§ **WORK INSTRUCTION**:
Word for word, restate the lines of the data below between those holding "KYIV, UKRAINE - FEBRUARY" and "Shoreditch is a", inclusive; pictures do not belong in the copy.

§ **MATERIALS PROVIDED**:
..............................

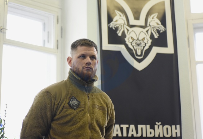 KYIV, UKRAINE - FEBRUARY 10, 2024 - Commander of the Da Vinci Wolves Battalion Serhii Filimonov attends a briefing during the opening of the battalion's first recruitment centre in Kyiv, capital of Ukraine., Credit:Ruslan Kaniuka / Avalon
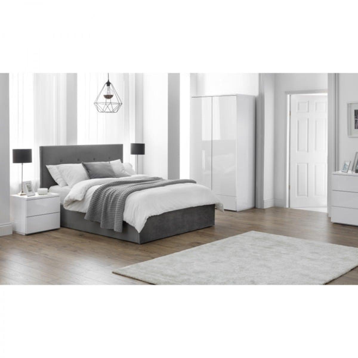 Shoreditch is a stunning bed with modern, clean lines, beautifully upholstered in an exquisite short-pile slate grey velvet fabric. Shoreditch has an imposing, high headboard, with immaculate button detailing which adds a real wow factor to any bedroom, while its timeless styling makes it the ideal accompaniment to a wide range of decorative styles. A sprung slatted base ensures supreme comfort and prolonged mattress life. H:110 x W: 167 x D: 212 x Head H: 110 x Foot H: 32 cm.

..............................

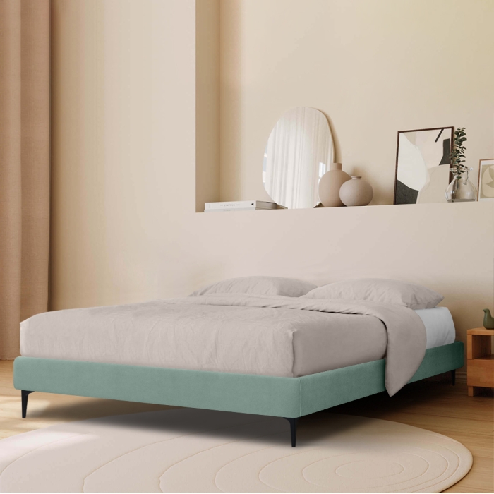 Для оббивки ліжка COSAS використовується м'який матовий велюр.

..............................

§ **REPLY TO THE TASK**:
 KYIV, UKRAINE - FEBRUARY 10, 2024 - Commander of the Da Vinci Wolves Battalion Serhii Filimonov attends a briefing during the opening of the battalion's first recruitment centre in Kyiv, capital of Ukraine., Credit:Ruslan Kaniuka / Avalon
 Shoreditch is a stunning bed with modern, clean lines, beautifully upholstered in an exquisite short-pile slate grey velvet fabric. Shoreditch has an imposing, high headboard, with immaculate button detailing which adds a real wow factor to any bedroom, while its timeless styling makes it the ideal accompaniment to a wide range of decorative styles. A sprung slatted base ensures supreme comfort and prolonged mattress life. H:110 x W: 167 x D: 212 x Head H: 110 x Foot H: 32 cm.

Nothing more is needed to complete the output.